– Meet Mukesh and Hansmattee
ASK for Mohan Sookwah in Riverstown Village on the Essequibo Coast, and no one would know who you’re talking about. Ask for ‘Fresh Oil’ though, and the villagers would point you to the exact street and house to find him.
They’d also know him by the name Mukesh. In fact, he is one of the more popular farmers in the village; his family being the first set of people to occupy what is now known as the Back Street in Riverstown.
The 53-year-old rice, cash crop and poultry farmer toils long and hard to make ends meet with his supportive wife, Hansmattee, whom Mukesh said has stood “foot and foot” behind him ever since they married 30 years ago.
The father of two, who plucks about 30 chickens a week, grew up looking at his parents’ farm; they worked rice and provision farms to support their eight children and were very poor. Because of such poverty, many of the kids, including Mukesh, did not get to attend school a lot.

Following in his parents’ footsteps, Mukesh has continued to farm over the past 40 years, making it the only type of work he has ever done. “Every month, I buy about 100 chickens; at least I get the mould for my garden, and I get the chickens for the house use and sell a few. I really do it to get the mould for the garden,” he shared.
He and his wife have two stalls; one in Suddie, which they go to on Sunday and one at Anna Regina, where they would work on Fridays. To get their produce ready for the markets each week, though, is not always smooth sailing. “We really need a plucking machine,” he said, adding, “the labour cost is also there, and then you don’t find good people to work.”
Even with the challenges and hard work involved to make ends meet, there’s no place that Mukesh would rather be. “If I go to Georgetown, by afternoon, I want to reach home. I fall in love with this place; I am comfortable here at home,” he said, noting how the place has seen some amount of development in terms of getting proper streets and road lights.

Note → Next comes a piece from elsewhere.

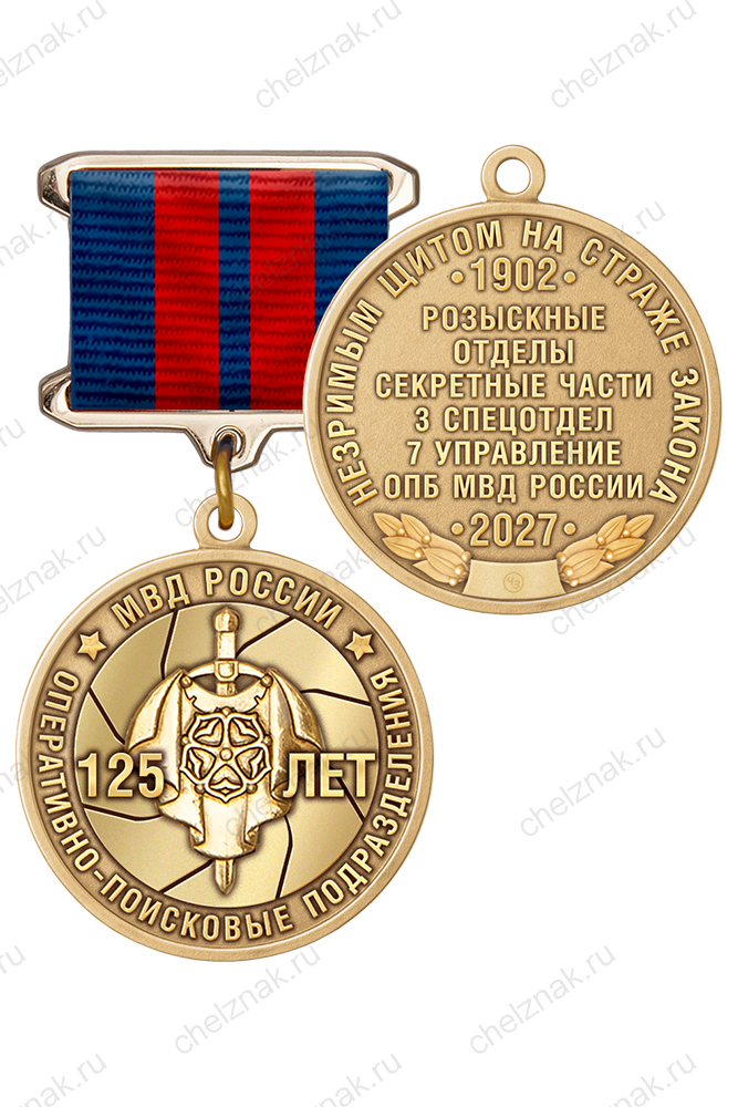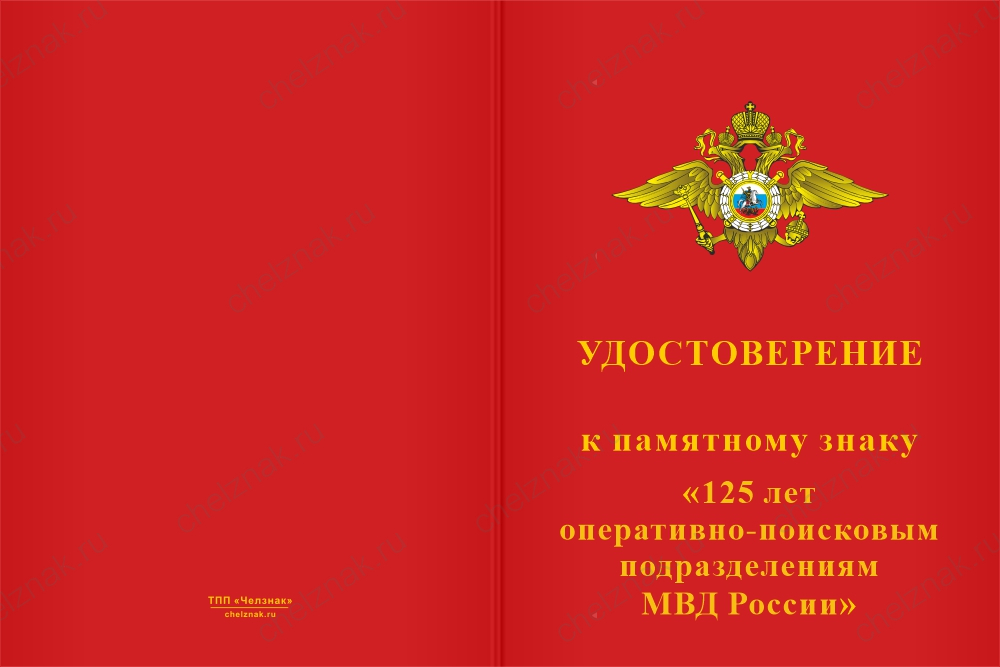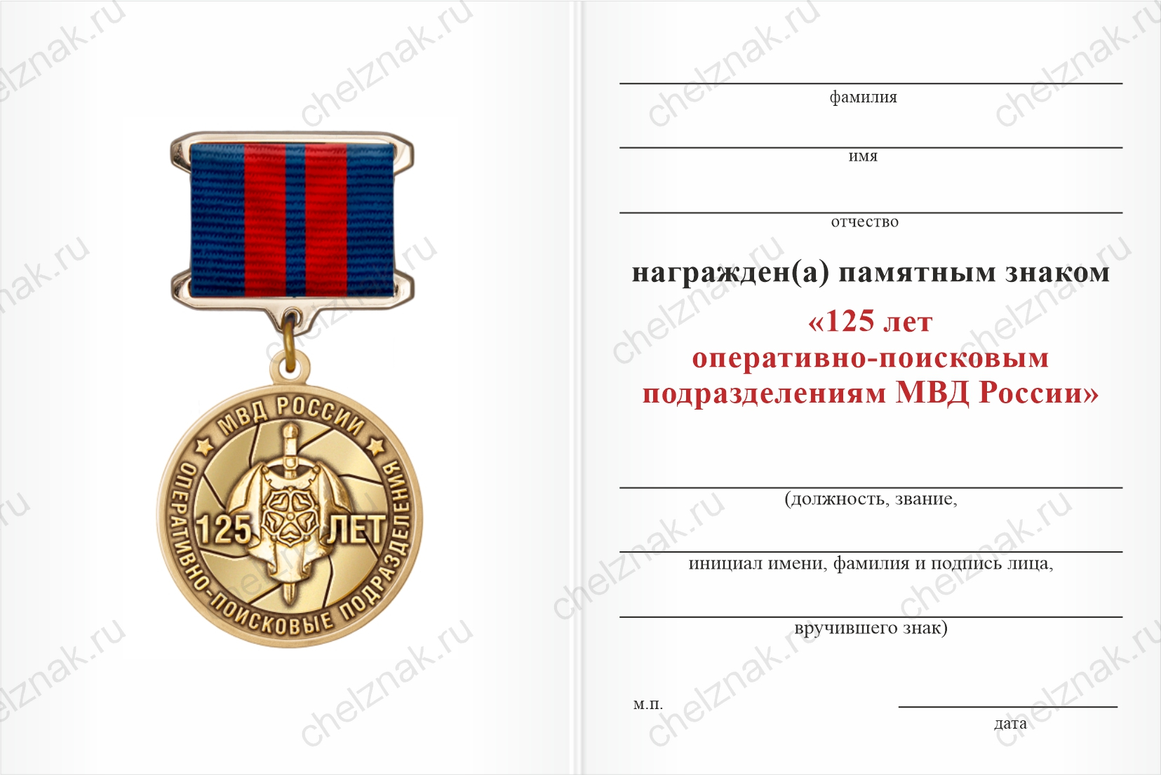Памятный знак «125 лет Оперативно-поисковым подразделениям МВД России» с бланком удостоверения арт. 21382

“We were the only people living at the back here, and now we got neighbours. This whole place was a playground, and now people came to occupy the land. Our Back Street area is now more busy than the public road,” he shared.
Commenting on his wife’s significant role in helping with the work, Mukesh said: “The only work my wife didn’t do was to dig the drains with me. Other than that, she weed, plant, and everything she do with me.”
He could not escape providing an explanation of how he got the nickname Fresh Oil. Beating around the bush, he said: “Long ago, we didn’t have well at the back here; they had ground pond in front and when you go out, all the boys would reach together. One of the boys call me that name, and I got vex and the name left on me.”

But his wife chimed in to clarify: “The boys them said his mom sent him to the shop to buy coconut oil and tell the shopkeeper that he want fresh oil. He used to always ask for fresh oil, and the name stayed.” At last, the answer was clear. Mukesh always wanted “fresh oil.”
Meanwhile, when she was just 20 years old, Hansmattee from the neighbouring village of Airy Hall married Mukesh in an arranged setting. “My mother and his mother used to sell in the market and they made the match,” she related.
She had known him before, though, when he used to pass her side to go and play cricket. When they married, he didn’t have a regular job. “So we started the farm, and I went to help him. We work hard together and we still working hard. We start our day at 04:30hrs to start cooking and cleaning and go backdam,” she explained.
To this day, Hansmattee said she and her husband have enjoyed a good marriage with no serious problems ever coming up.